HAABSA

Code for A Hybrid Approach for Aspect-Based Sentiment Analysis Using a Lexicalized Domain Ontology and Attentional Neural Models

All software is written in PYTHON3 (https://www.python.org/) and makes use of the TensorFlow framework (https://www.tensorflow.org/).

Installation Instructions (Windows):

Download ontology: https://github.com/KSchouten/Heracles/tree/master/src/main/resources/externalData
Download SemEval2015 Datasets: http://alt.qcri.org/semeval2015/task12/index.php?id=data-and-tools
Download SemEval2016 Dataset: http://alt.qcri.org/semeval2016/task5/index.php?id=data-and-tools
Download Glove Embeddings: http://nlp.stanford.edu/data/glove.42B.300d.zip
Download Stanford CoreNLP parser: https://nlp.stanford.edu/software/stanford-parser-full-2018-02-27.zip
Download Stanford CoreNLP Language models: https://nlp.stanford.edu/software/stanford-english-corenlp-2018-02-27-models.jar

Install chocolatey (a package manager for Windows): https://chocolatey.org/install
Open a command prompt.
Install python3 by running the following command: code(choco install python) (http://docs.python-guide.org/en/latest/starting/install3/win/).
Make sure that pip is installed and use pip to install the following packages: setuptools and virtualenv (http://docs.python-guide.org/en/latest/dev/virtualenvs/#virtualenvironments-ref).
Create a virtual environemnt in a desired location by running the following command: code(virtualenv ENV_NAME)
Direct to the virtual environment source directory.
Unzip the HAABSA_software.zip file in the virtual environment directrory.
Activate the virtual environment by the following command: 'code(Scripts\activate.bat)`.
Install the required packages from the requirements.txt file by running the following command: code(pip install -r requirements.txt).
Install the required space language pack by running the following command: code(python -m spacy download en)
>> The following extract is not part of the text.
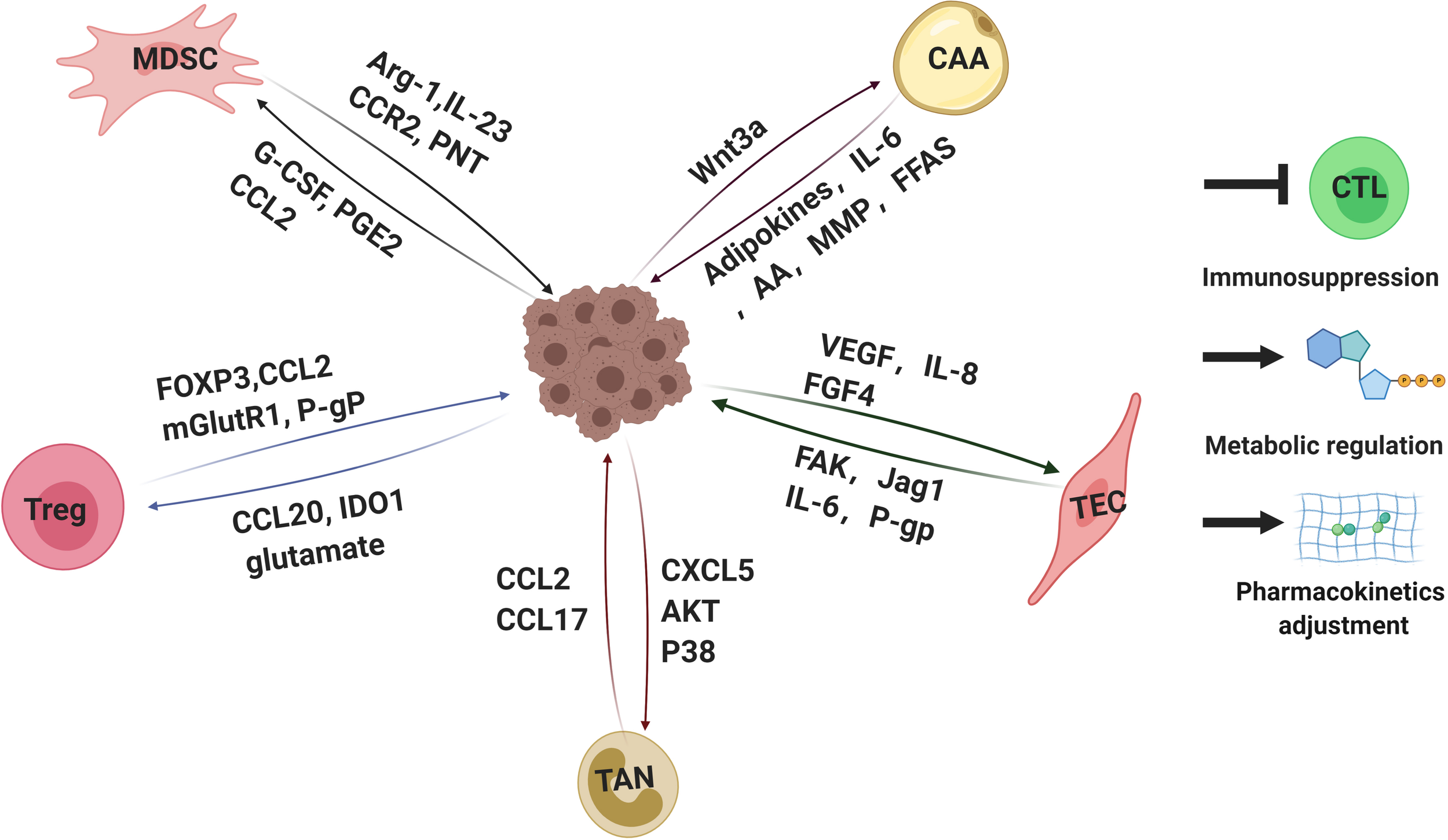 Figure 3. Interactions of tumor cells with parts of non-malignant cells within tumor microenvironments mediating drug resistance. Tumor microenvironment contains quantities of non-malignant stromal cells which are essential for tumor progression and drug resistance. Interactions between tumor cells and stromal cells polarize stromal cells. In turn, the stromal cells educated by tumor cells secret a variety of molecules, leading to immunosuppression, metabolic regulation and pharmacokinetics adjustment, which eventually weakens therapeutic efficacy. Arg-1, arginase-1; IL-23,interlukin-23; PNT, peroxynitrite; G-CSF, granulocyte-colony stimulating factor; PGE2, prostaglandin E2; FOXP3, forkhead box protein P3; mGlutR1, glutamate receptor 1; P-gP: P-glycoprotein, IDO1, indoleamine 2,3-dioxygenase; CAA: cancer associated adipocyte; FFAs: free fatty acids; AA: arachidonic acid; VEGF: vascular endothelial growth factor; FGF4: fibroblast growth factor 4; FAK: focal adhesion kinase. CTL, cytotoxic T lymphocytes. The figure was created with BioRender.com.

Configure one of the three main files to the required configuration (main.py, main_cross.py, main_hyper.py)
Run the program from the command line by the following command: code(python PROGRAM_TO_RUN.py) (where PROGRAM_TO_RUN is main/main_cross/main_hyper)

The environment contains the following main files that can be run: main.py, main_cross.py, main_hyper.py

main.py: program to run single in-sample and out-of-sample valdition runs. Each method can be activated by setting its corresponding boolean to True e.g. to run the CABASC method set runCABASC = True.
main_cross.py: similar to main.py but runs a 10-fold cross validation procedure for each method.
main_hyper.py: program that is able to do hyperparameter optimzation for a given space of hyperparamters for each method. To change a method change the objective and space parameters in the run_a_trial() function.
config.py: contains parameter configurations that can be changed such as: dataset_year, batch_size, iterations.
dataReader2016.py, loadData.py: files used to read in the raw data and transform them to the required formats to be used by one of the algorithms
lcrModel.py: Tensorflow implementation for the LCR-Rot algorithm
lcrModelAlt.py: Tensorflow implementation for the LCR-Rot-hop algorithm
lcrModelInverse.py: Tensorflow implementation for the LCR-Rot-inv algorithm
cabascModel.py: Tensorflow implementation for the CABASC algorithm
OntologyReasoner.py: PYTHON implementation for the ontology reasoner
svmModel.py: PYTHON implementation for a BoW model using a SVM.
att_layer.py, nn_layer.py, utils.py: programs that declare additional functions used by the machine learning algorithms.

The following directories are necessary for the virtual environment setup: __pycache, \Include, \Lib, \Scripts, \tcl, \venv

cross_results_2015: Results for a k-fold cross validation process for the SemEval-2015 dataset
cross_results_2016: Results for a k-fold cross validation process for the SemEval-2015 dataset
data:
- externalData: Location for the external data required by the methods
- programGeneratedData: Location for preprocessed data that is generated by the programs
hyper_results: Contains the stored results for hyperparameter optimzation for each method
results: temporary store location for the hyperopt package

This code uses ideas and code of the following related papers:

Zheng, S. and Xia, R. (2018). Left-center-right separated neural network for aspect-based sentiment analysis with rotatory attention. arXiv preprint arXiv:1802.00892.
Schouten, K. and Frasincar, F. (2018). Ontology-driven sentiment analysis of product and service aspects. In Proceedings of the 15th Extended Semantic Web Conference (ESWC 2018). Springer. To appear
Liu, Q., Zhang, H., Zeng, Y., Huang, Z., and Wu, Z. (2018). Content attention model for aspect based sentiment analysis. In Proceedings of the 27th International World Wide Web Conference (WWW 2018). ACM Press.